Reforma da Previdência – Na marra, não!

Com o título “Na marra, não!”, eis artigo de Antonio Mourão Cavalcante, médico, antropólogo e professor universitário. Ele comenta perdas e danos da reforma da Previdência do governo Bollsonaro. Confira:
Com grande ênfase o ministro da Economia, Sr. Paulo Guedes, afirma que, sendo a Reforma da Previdência aprovada, o Governo terá um lucro de 1,4 trilhões de reais. Ora, como dinheiro não cai do céu, cabe uma pergunta bem inocente: se um lado vai ganhar isso tudo, qual será o lado que vai perder tudo isso? Nem precisa pensar muito. Serão aqueles que sempre perdem. No caso, a grande massa trabalhadora do país…
Se as vantagens vão diminuir, se o tempo de contribuição vai aumentar, é justo que a contribuição continue a mesma? Se seremos empurrados a realizar uma poupança privada – via bancos particulares – por que continuar contribuindo com a Previdência do Governo? Qual a vantagem concreta? Perdendo vantagens, a porcentagem de participação será a mesma, para obter menos benefícios?
O Governo Bolsonaro insiste que essa reforma quebrará privilégios de alguns setores da sociedade. Aqueles que ganham mais, pagarão mais e ganharão menos. Pois bem, não seria didático nos informar quais são estes grupos e quais benesses serão cortadas?
Tendo contribuído ao longo de todos estes anos, é justo pensar que foi gerada uma grande capitalização.
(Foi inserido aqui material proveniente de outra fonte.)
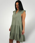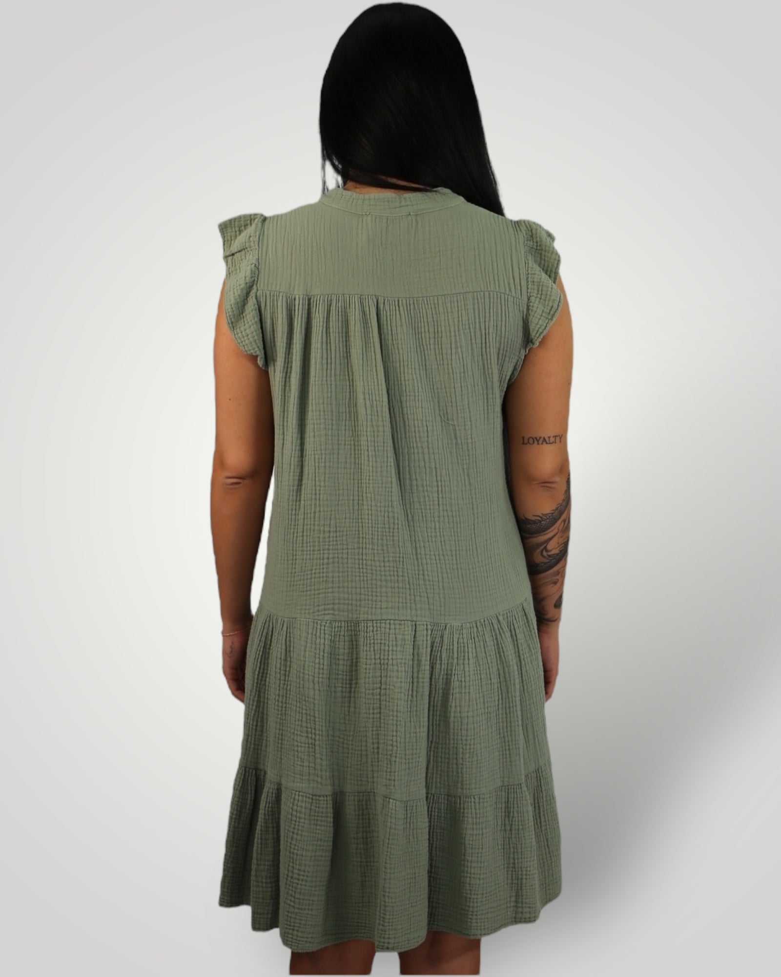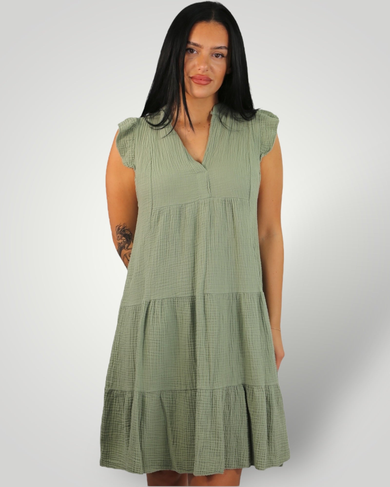 Entdecken Sie unser trendiges Musselinkleid mit Volantärmeln! Hergestellt aus 100% Baumwolle bietet es höchsten Tragekomfort und ein modisches Design. Perfekt für den Sommer, verleiht es Ihnen einen lässigen und dennoch eleganten Look. Holen Sie sich jetzt unser Must-have Kleid mit V-Halsausschnitt!

Em termos de poupança, teria sido uma grande bola de neve crescendo na virada de cada mês. Feito um cálculo atuarial, com certeza, o rendimento fixo obtido seria maior do que hoje – em média – paga o Governo como aposentadoria. Não faz sentido afirmar que sejam as contribuições de trabalhadores da ativa hoje, que garantem minha aposentadoria. Se temos o direito a uma aposentadoria é porque ao longo de muitos anos, pagamos compulsoriamente nossa cotização. Se o Governo foi perdulário com o que arrecadou, ele é o responsável. É injusto e irresponsável exigir múltiplas contribuições para um único e pífio benefício. Será que somos otários?
O afogadilho em aprovar a reforma, dizendo que o Brasil tem pressa e pode quebrar, é papo furado. Na realidade, o Governo foge da discussão mais responsável do assunto. Empurra uma reforma goela abaixo. Impõe um projeto urdido nos conchavos do Planalto. A força do trabalho – a consciência e a história da sociedade brasileira – não pode permitir esse afogadilho… Calma senhores! Essa é uma questão muito séria, que envolve muitos atores e conseqüências. Não pode ser tangida pela pressa e pela força. Na marra!…
*Antonio Murão Cavalcante,
Médico, antropólogo e professor universitário
[a_mourao@hotmail.com]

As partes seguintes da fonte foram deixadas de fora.